INFORMATION GIVEN:

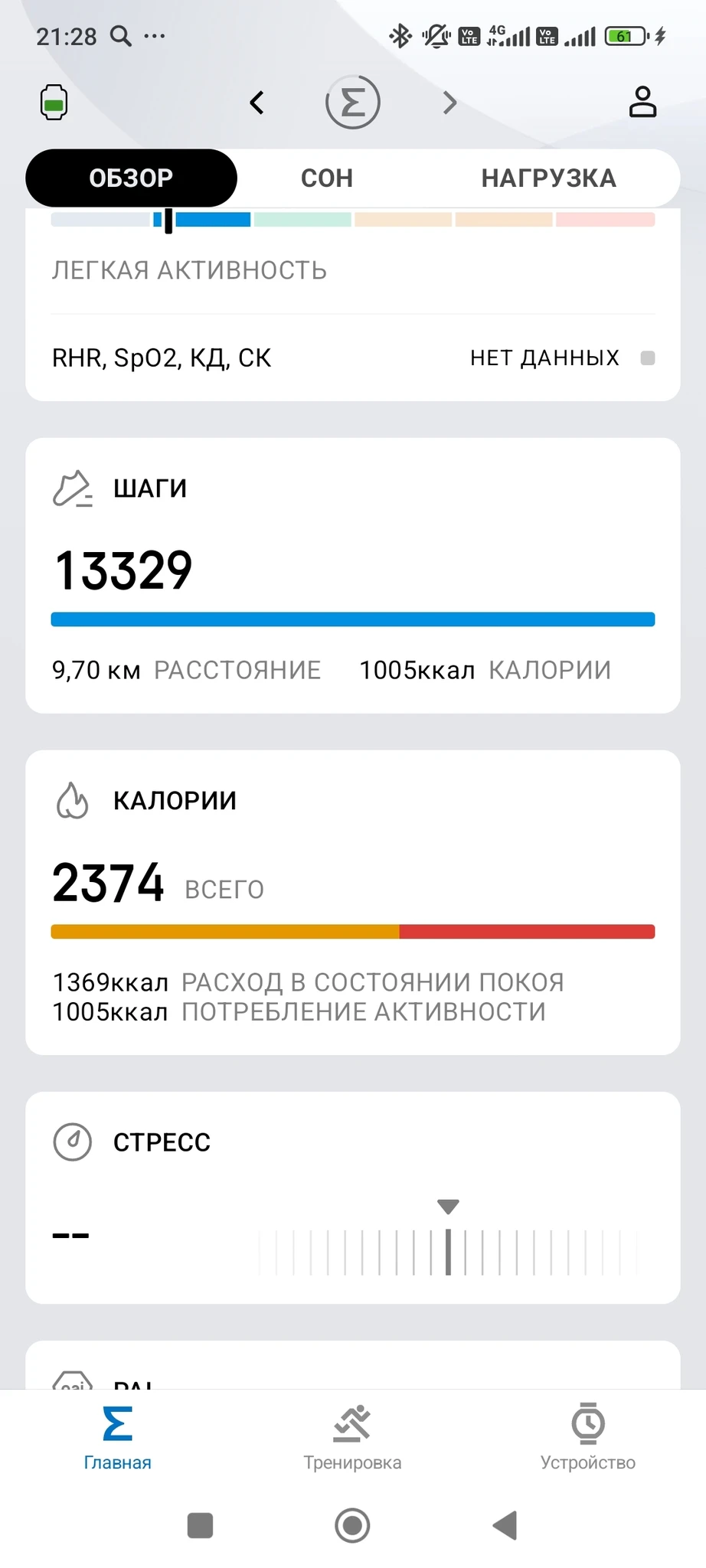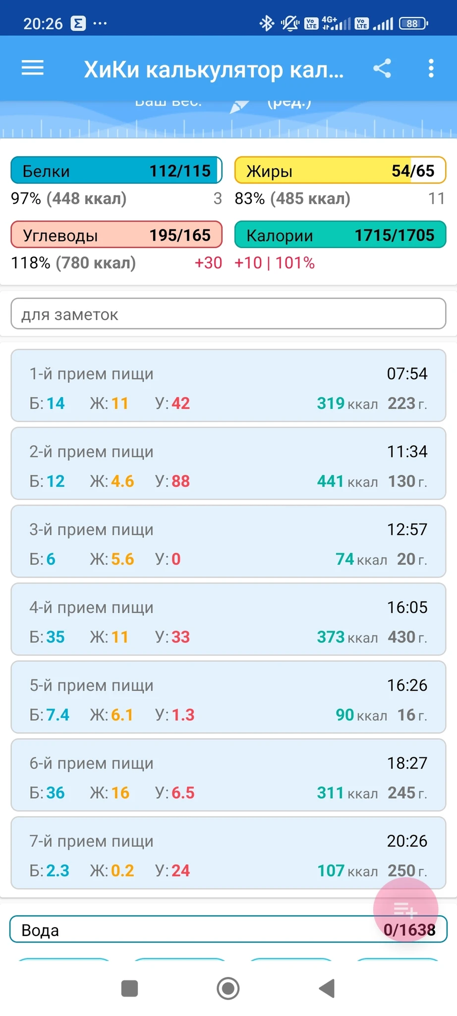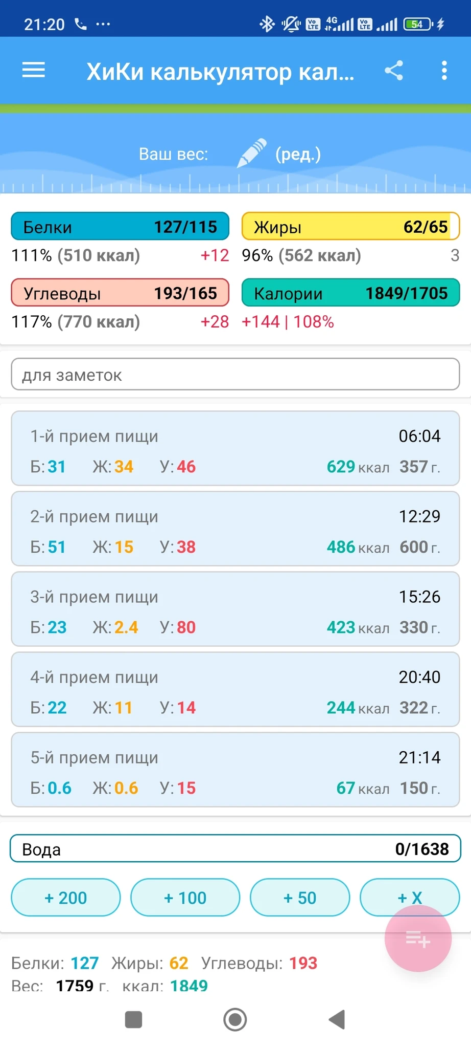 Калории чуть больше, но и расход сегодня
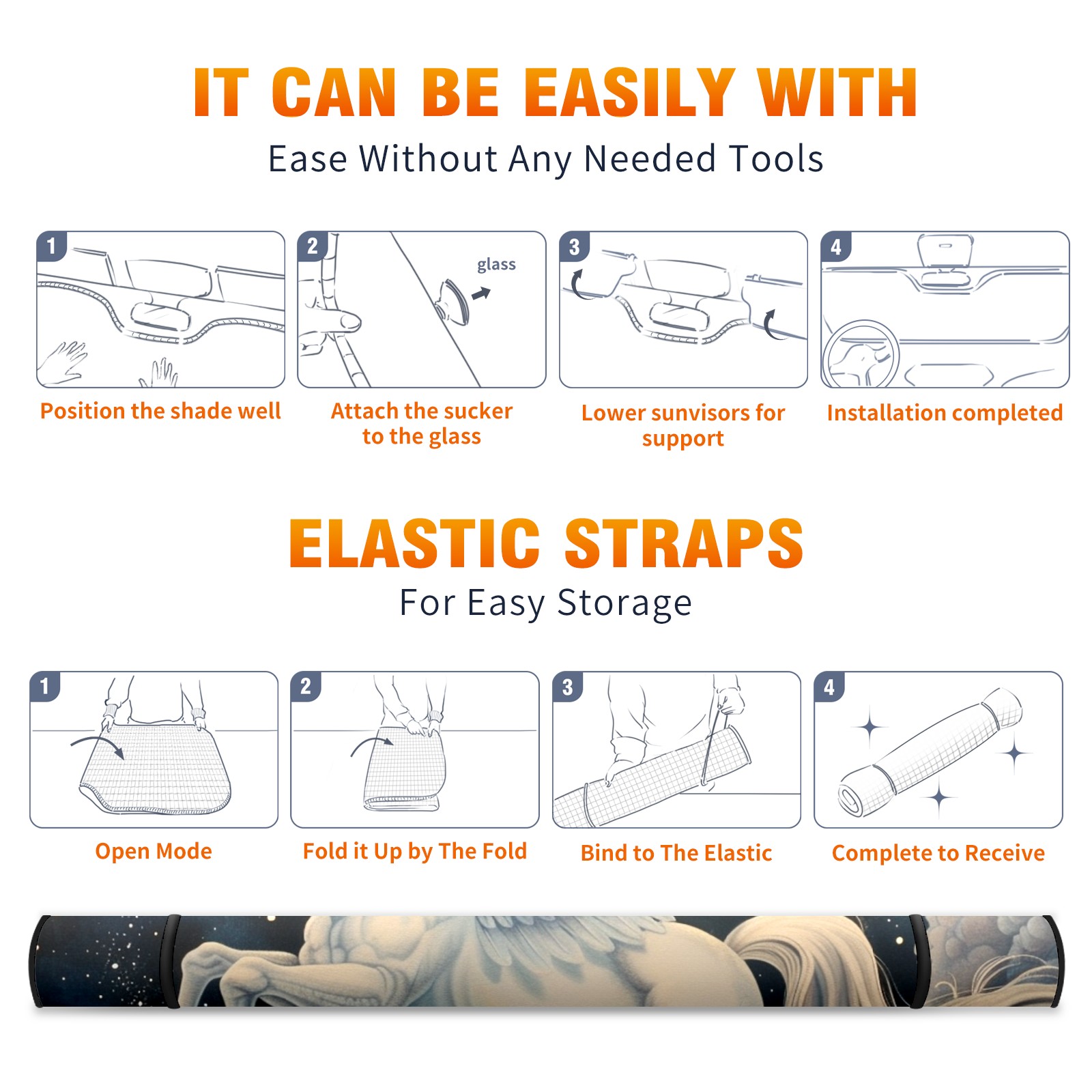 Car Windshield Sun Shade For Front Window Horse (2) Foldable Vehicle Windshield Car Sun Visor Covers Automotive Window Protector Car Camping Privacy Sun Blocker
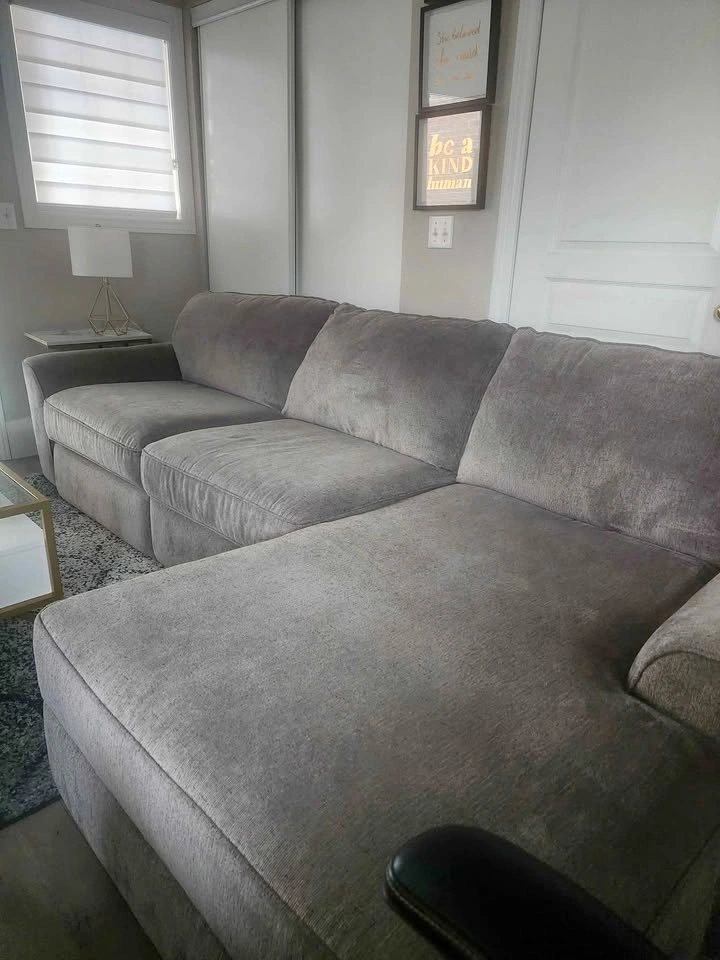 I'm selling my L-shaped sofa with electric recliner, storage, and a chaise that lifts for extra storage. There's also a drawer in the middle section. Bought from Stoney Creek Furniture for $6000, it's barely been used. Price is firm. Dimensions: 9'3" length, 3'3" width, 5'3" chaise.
==
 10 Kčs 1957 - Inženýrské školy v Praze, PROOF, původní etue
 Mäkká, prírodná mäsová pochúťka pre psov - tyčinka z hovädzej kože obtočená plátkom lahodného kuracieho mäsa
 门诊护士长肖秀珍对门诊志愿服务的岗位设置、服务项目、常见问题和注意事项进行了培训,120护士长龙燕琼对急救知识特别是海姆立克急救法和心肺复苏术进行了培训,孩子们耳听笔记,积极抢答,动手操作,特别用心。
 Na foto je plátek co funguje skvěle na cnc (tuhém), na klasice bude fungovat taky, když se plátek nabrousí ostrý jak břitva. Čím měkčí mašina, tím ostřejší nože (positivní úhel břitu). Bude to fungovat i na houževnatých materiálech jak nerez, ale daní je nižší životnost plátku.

EXERCISE DESCRIPTION:
Above this task is a listing. Restate, word for word and with nothing added, the lines from the one with "Mäkká, prírodná mäsová" through the one with "Na foto je plátek".

OUTPUT FOR THIS EXERCISE:
 Mäkká, prírodná mäsová pochúťka pre psov - tyčinka z hovädzej kože obtočená plátkom lahodného kuracieho mäsa
 门诊护士长肖秀珍对门诊志愿服务的岗位设置、服务项目、常见问题和注意事项进行了培训,120护士长龙燕琼对急救知识特别是海姆立克急救法和心肺复苏术进行了培训,孩子们耳听笔记,积极抢答,动手操作,特别用心。
 Na foto je plátek co funguje skvěle na cnc (tuhém), na klasice bude fungovat taky, když se plátek nabrousí ostrý jak břitva. Čím měkčí mašina, tím ostřejší nože (positivní úhel břitu). Bude to fungovat i na houževnatých materiálech jak nerez, ale daní je nižší životnost plátku.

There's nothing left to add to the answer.